Abstract
Objective: to study the course of the early postoperative period depending on the profile of cardiotonic support and assess the safety of inotropic epinephrine therapy in patients operated on heart valves.
Material and methods. A retrospective cohort study involving 1421 patients operated on heart valves, divided into groups "Dobutamine" (n = 634) and "Epinephrine" (n = 787). Factors associated with the need for inotropic support with epinephrine were studied, and a comparative analysis of the concentration of markers of organ damage, the frequency and structure of organ dysfunction, and the duration of mechanical lung ventilation (MLV) was performed.
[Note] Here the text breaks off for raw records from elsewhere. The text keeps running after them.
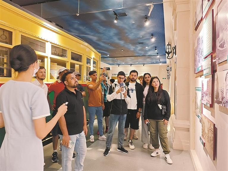 在大连市规划展示中心的大厅里,来自俄罗斯、巴基斯坦、罗马尼亚、孟加拉国等国家的留学生在英文解说员翔实的讲解中,通过图片、文物、视频、影像全方位地了解大连的历史文化、城市建设、自然资源等,更加切身感受到大连在现代化城市规划和可持续发展中取得的成绩。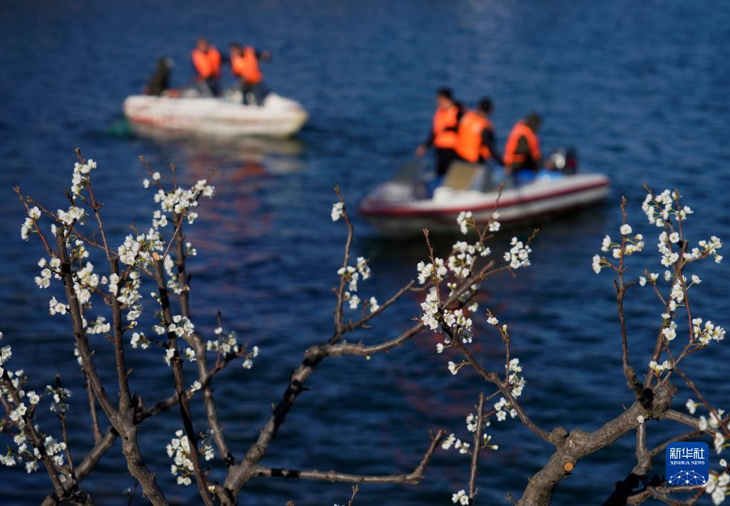 4月7日,河北省遵化市上關(guān)湖管理部門的工人在打撈湖面漂浮物。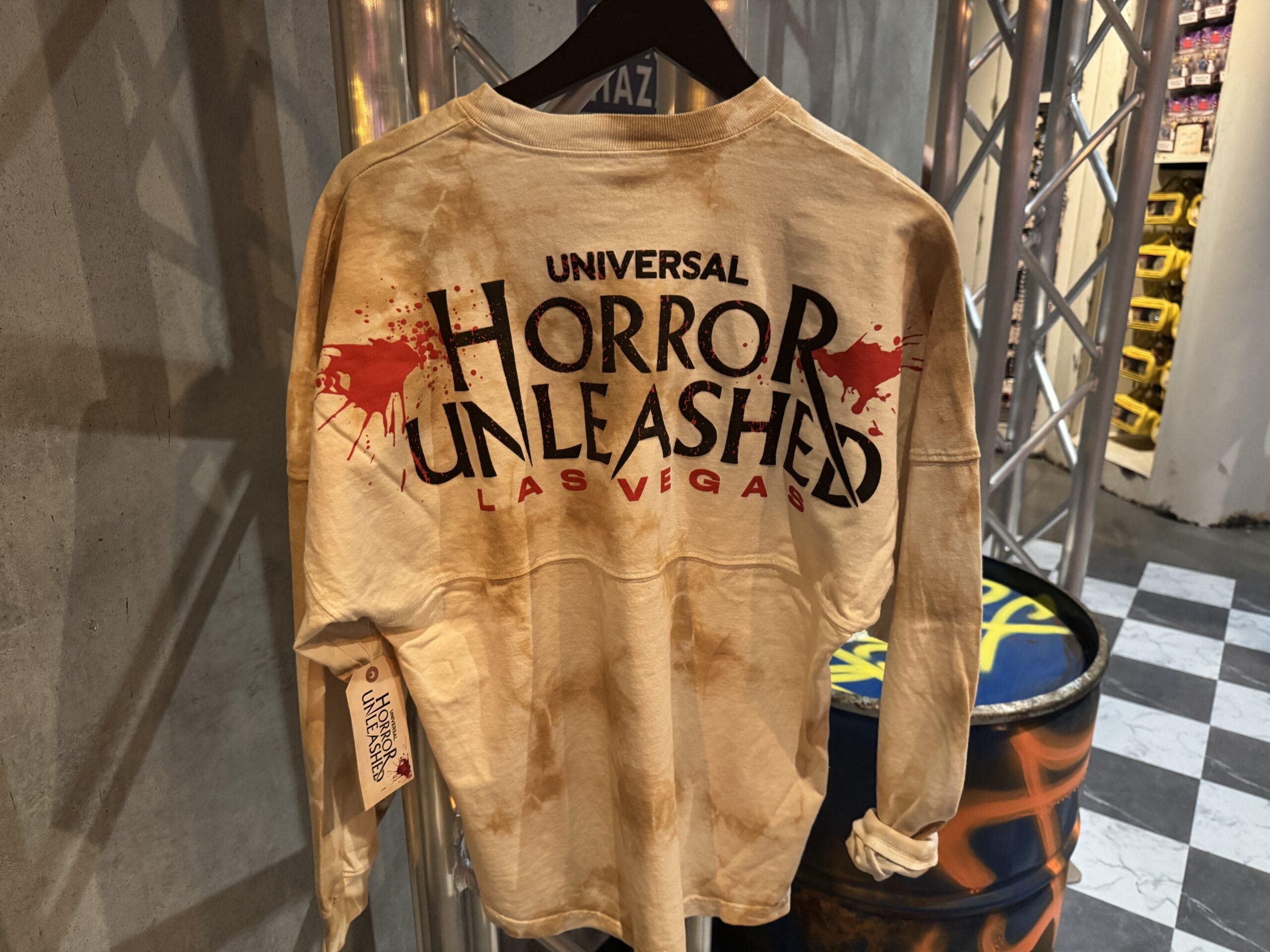The Spirit Jersey is off-white with brown splotches — like dried blood. Red splotches are pictured on the left chest around the Universal Horror Unleashed wordmark in black. A larger version of the wordmark is printed on the back in puffy ink. The back also says “Las Vegas” in red.

Results. The need to use epinephrine is associated with chronic heart failure 2B Vasilenko–Strazhesco (odds ratio (OR) 3.37; 95% confidenceal interval (CI) 2.43–4.67, p < 0.05), functional class (FC) IV NYHA (New-York Heart Association) (OR 1.75; 95% CI 1.38–2.22, p < 0.05), correction of mitral-tricuspid (OR 4.48; 95% CI 3.53–5.69, p < 0.05), mitral-aortic-tricuspid defect (or 3.68; 95% CI 2.26–5.99, p < 0.05) and correction mitral-aortic-tricuspid defect in combination with coronary bypass surgery (OR 5.31; 95% CI 1.19–23.61, p < 0.05). In comparison with the "Dobutamine" group, the "Epinephrine" group showed a high incidence of acute heart failure (AHF): 9.9% (78) vs. 2.2% (14) (p = 0.001), acute renal injury (ARI) – 2.4% (19) vs. 0.8% (5) (p = 0.02), cerebral disfunction (CD) – 3.7% (29) vs. 1.9% (12) (p = 0.04) and multi-organ dysfunction (MOD) – 6.0% (47) vs. 2.4% (15) (p = 0.001); 30-days mortality was 5.7% (45) in "Epinephrine" group vs. 2.1% (13) in "Dobutamine" group (p = 0.01), duration of MLV was 16 (12; 20) hours in "Epinephrine" group, vs. 14 (10; 17) hours in "Dobutamine" group (p = 0.02).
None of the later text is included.